Sonino, N. 1986. The endocrine effects of ketoconazole.
Sonino et al. 1990. Low-dose ketoconazole treatment in hirsute women.
Shaw, J. C. 1996. Antiandrogen Therapy in Dermatology.
[Hugo] Perez, B. S. 2004. Ketocazole [sic.] as an adjunct to finasteride in the treatment of androgenetic alopecia in men.
Inui, S., and Itami, S. 2007. Reversal of androgenic alopecia by topical ketoconzole [sic.]: relevance of anti-androgenic activity.

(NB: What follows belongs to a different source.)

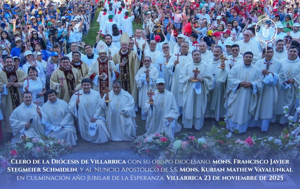 Divino Jesús, que quieres que pidamos al Señor de la mies que envíe a ella buenos operarios, dígnate suscitar en tu Iglesia, y en particular en esta Diócesis de Villarrica, muchos santos sacerdotes, que siéndolo en todo según tu Corazón, procuren celosamente por su sagrado ministerio y la gracia del Espíritu Santo, la gloria de tu Padre celestial, el servicio de la Iglesia y la salvación de las almas redimidas por tu Sangre preciosa. Amén.

Kind of disheartening that 2 out of 4 authors misspell kcz in the title but never mind. Sadly most of these studies are not freely accessible, so most of my questions are still unanswered. However, my first impression is that the AA properties of kcz are only documented for oral doses several times higher than the therapeutic dose for fungal infections. When Nizoral shampoo was found to be somewhat effective for hair loss, some researchers understandably connected this with said properties but the evidence for such connection is still unconclusive. Kelly et al. summarize the Perez study as "its use in combination with oral finasteride ... might produce an additional decrease in scalp DHT levels" and other authors are similarly cautious about this effect. The hypothesis that it is its antifungal properties that are beneficial for some or all hair loss patients is usually presented with more confidence.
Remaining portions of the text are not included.